DESCRIPTION OF THE TASK>
Beginning at the line containing "voltage transmission tower", repeat each line below exactly up to and including the line containing "As a load centre". Do not repeat the pictures.

EXERCISE INPUT>
☆ ☆ ☆ ☆

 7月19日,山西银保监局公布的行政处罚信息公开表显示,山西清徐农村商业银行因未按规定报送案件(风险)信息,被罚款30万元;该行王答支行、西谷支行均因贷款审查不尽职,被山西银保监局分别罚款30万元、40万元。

☆ ☆ ☆ ☆

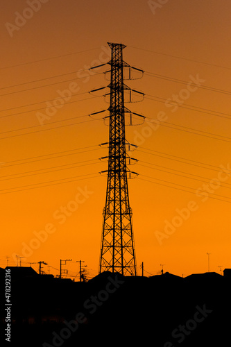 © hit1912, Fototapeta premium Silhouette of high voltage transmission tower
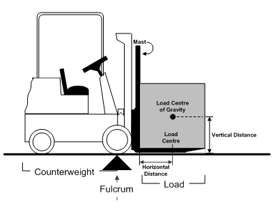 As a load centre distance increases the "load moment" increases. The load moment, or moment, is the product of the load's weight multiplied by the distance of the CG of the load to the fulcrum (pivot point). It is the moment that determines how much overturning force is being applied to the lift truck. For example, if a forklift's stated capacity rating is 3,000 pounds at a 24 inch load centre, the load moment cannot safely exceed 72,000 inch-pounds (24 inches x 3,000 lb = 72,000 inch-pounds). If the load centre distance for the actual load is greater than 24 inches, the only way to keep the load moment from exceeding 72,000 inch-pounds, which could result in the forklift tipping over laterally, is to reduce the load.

☆ ☆ ☆ ☆

ANSWER>
 © hit1912, Fototapeta premium Silhouette of high voltage transmission tower
 As a load centre distance increases the "load moment" increases. The load moment, or moment, is the product of the load's weight multiplied by the distance of the CG of the load to the fulcrum (pivot point). It is the moment that determines how much overturning force is being applied to the lift truck. For example, if a forklift's stated capacity rating is 3,000 pounds at a 24 inch load centre, the load moment cannot safely exceed 72,000 inch-pounds (24 inches x 3,000 lb = 72,000 inch-pounds). If the load centre distance for the actual load is greater than 24 inches, the only way to keep the load moment from exceeding 72,000 inch-pounds, which could result in the forklift tipping over laterally, is to reduce the load.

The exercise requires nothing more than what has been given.